Really it's noughts and crosses, but on a phone. As with Angry Birds, a game played by David Cameron when he should be running the country, players pay for virtual items to "enhance" their playing experience. Or "cheat", in other words.
These sales produced tidy profits before tax of $568m for the London-based group in 2013, which plans to raise $500m. A capitalisation of $5bn has been mooted. Hopefully King has a higher target. Otherwise, grumpy middle-aged City scribblers won't have the fun of saying the initial public offering is over-priced.
That tendency may partly explain why King is not floating in London. Supposedly, valuations for tech companies are lower in the UK than the US. It is hard to tell when so few tech companies are listed here. We have WANdisco, but there is some debate whether this is a software group or the greatest creator of confusing acronyms in world history.
US investors are meanwhile more tolerant of companies that issue shares skewing voting in favour of founders.
Those crazy geek freaks at the London Stock Exchange have created a High Growth Segment intended to lure the denizens of the Silicon Roundabout district. Tumbleweed bowls through the HGS as through a spaghetti western.
But any rancour felt by LSE boss Xavier Rolet should be tempered by the reflection that the King float displays more red flags than Beijing on May Day. Casual games can fade from fashion fast and Candy Crush has a raft of rivals. Moreover, the owners have taken dividends of $504m in the past four months. This may be one float the LSE can do without.
Market stallholders divide into "lurkers" and "pitchers" according to a former boss of Poundland, one of the illustrious group of retailers that started as a market stall. The discount store chain has for many years been a lurker, with a float hinted at but never confirmed.
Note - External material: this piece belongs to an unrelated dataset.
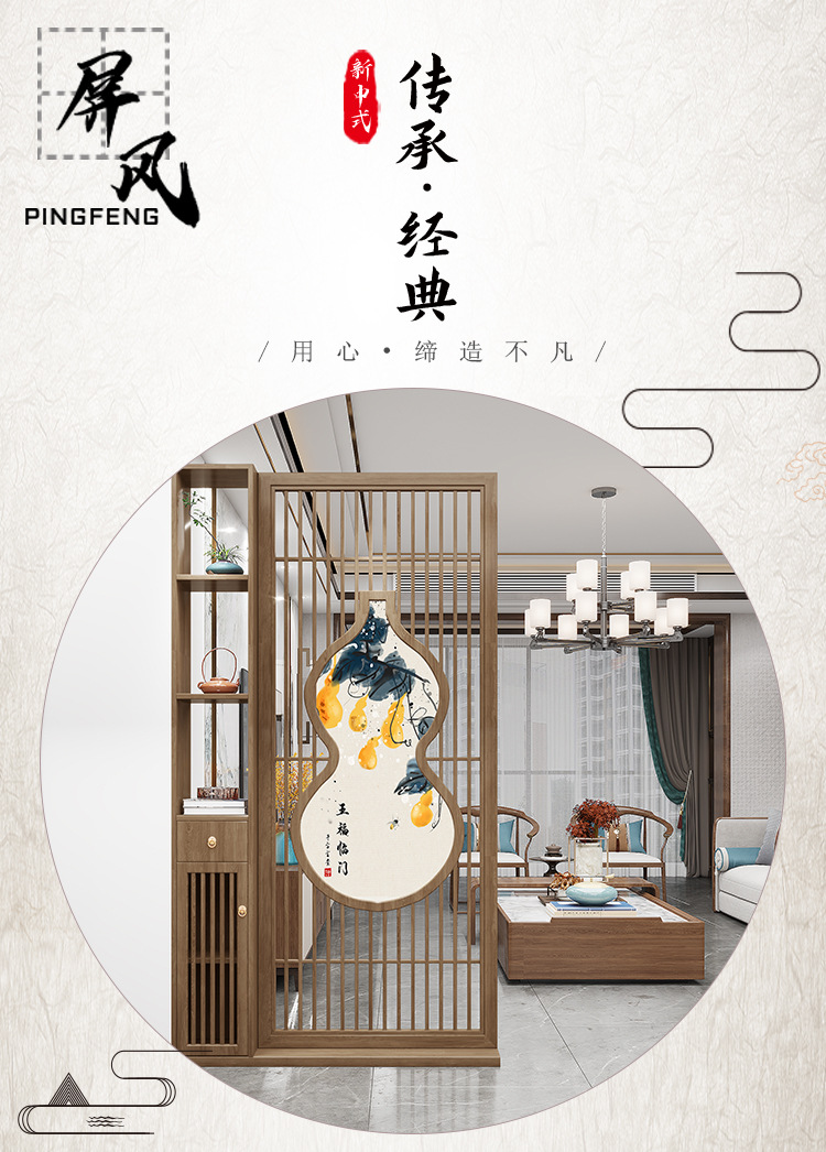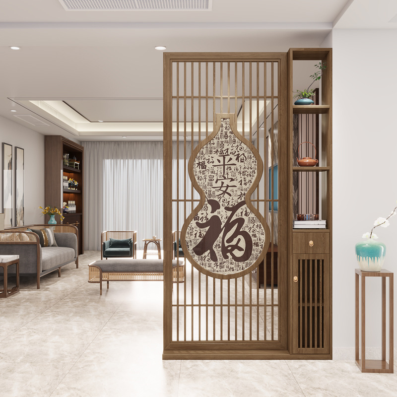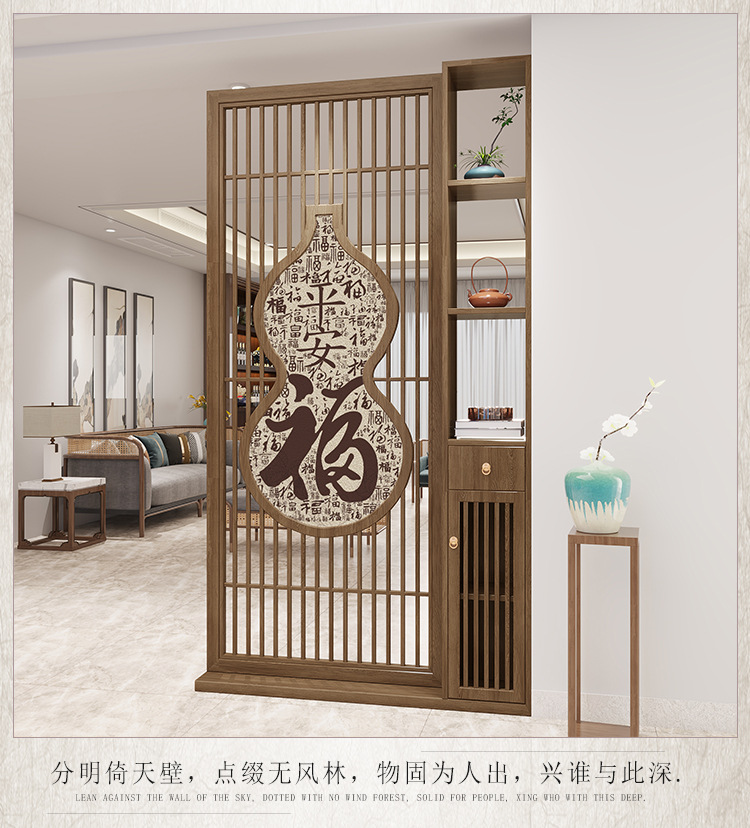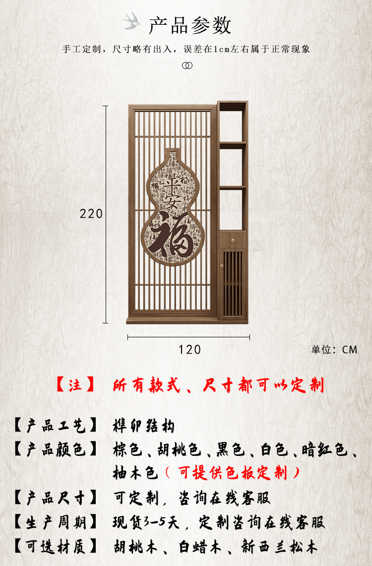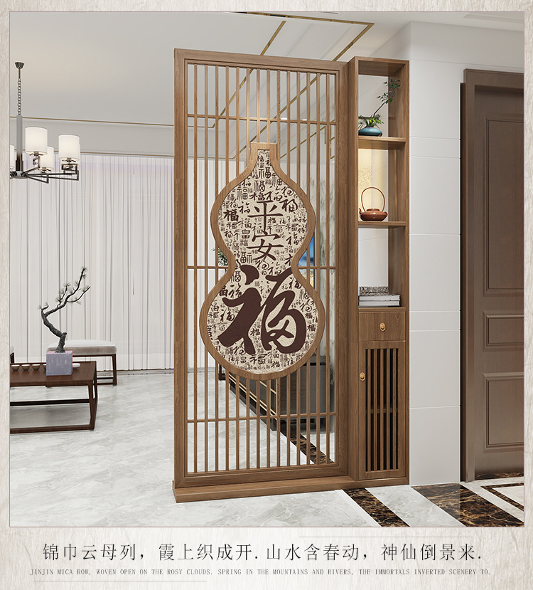 새로운 중국식 솔리드 우드 조롱박 스크린 파티션 거실 양면 Fuzi 입구 캐비닛 도어 쉘터링 사물함

On Tuesday, shrewd chief executive Jim McCarthy went into pitcher mode with a plan to list by the end of next month.
It goes beyond cliche to note that the question customers most frequently ask at the single-price retailer is: "How much does this cost?" However, the formula has been clear enough to fuel compound annual growth of 17 per cent in sales and 21 per cent in underlying profits.
Poundland's float is as eagerly anticipated as that of Saga or Pets at Home, a critter hypermarket that apocryphally halved stock attrition by relocating the rabbits five aisles away from the pythons.
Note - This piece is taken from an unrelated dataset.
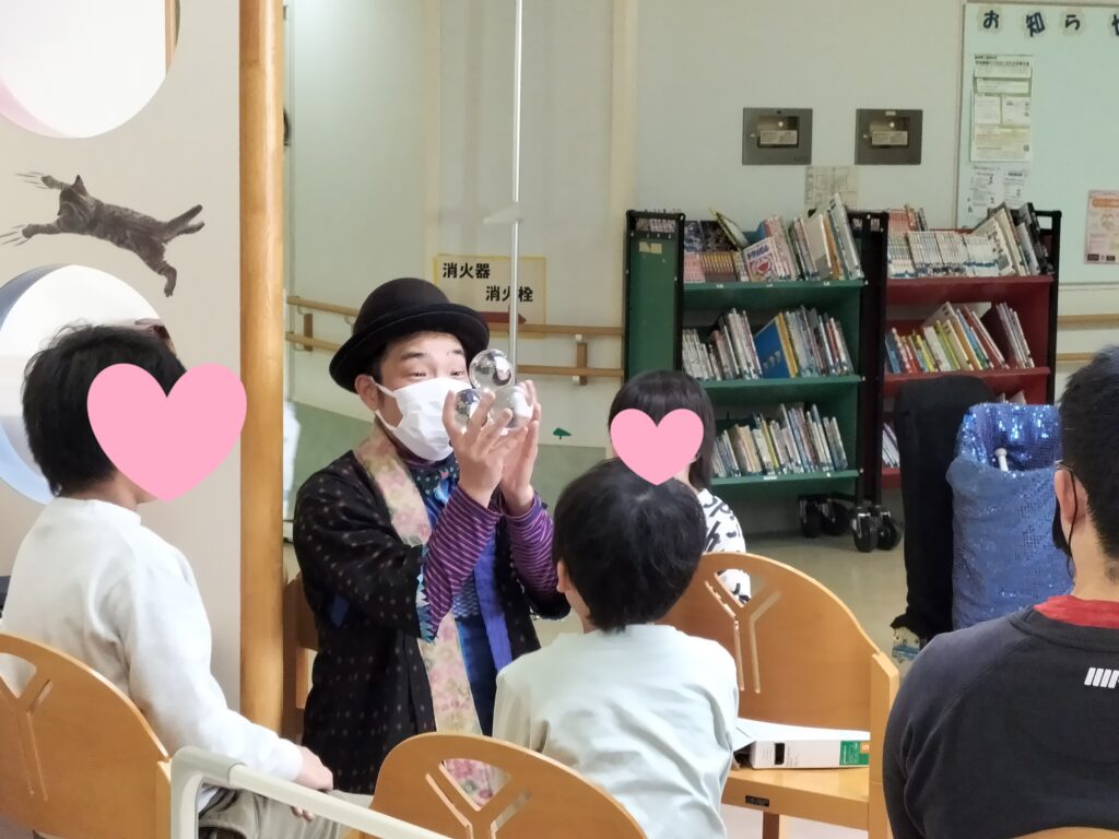 技が決まるたびに、前で見ていた男の子が「ウソでしょ?!」と大きな声で反応してくれました。クリスタルボールのときに、真ん中にいた男の子にお手伝いをしてもらったところ成功!、思いのほか「いいなー」というような声があがり、「じゃあ、今のをやってみたい人?」と聞いたら3人くらい元気に手が上がったので、みんなにもチャレンジしてもらいました。

Poundland's brand appeal, combined with its ownership by a private equity group, Warburg Pincus, means investors will be alert for overpricing. The ratio of trailing underlying earnings of £45.2m to the mooted capitalisation of £700m is 15:1. That compares with about 10:1 for US discounters Dollar General and Dollar Tree. Poundland, which hopes to double to 1,000 stores in the UK would argue it has more scope for growth.
Would-be investors, enthused by the success of an initial public offering from bargain booze purveyor Conviviality, should study recent capex for signs of attenuation. They will also want to know whether Mr McCarthy, a veteran retailer, will stick around. He made pots from the purchase of T&S Stores by Tesco in 2002 and from the sale of Poundland by Advent to Warburg Pincus for £200m in 2010. But this is a well-run company and a promising investment if the price is right.
There is something badly wrong with a UK energy supply system that creates incentives for big industrial customers to halt production at the drop of a hat. Manufacturers are attempting to game price setting that reflects peak demand sampling rather than a simple average.
This is partly because storing electricity is tough - one longs for a couple of outsize rechargeable batteries to be implanted into the power grid somewhere near Leeds. Distortions can only get worse as capacity drops to a perilously low level in 2017.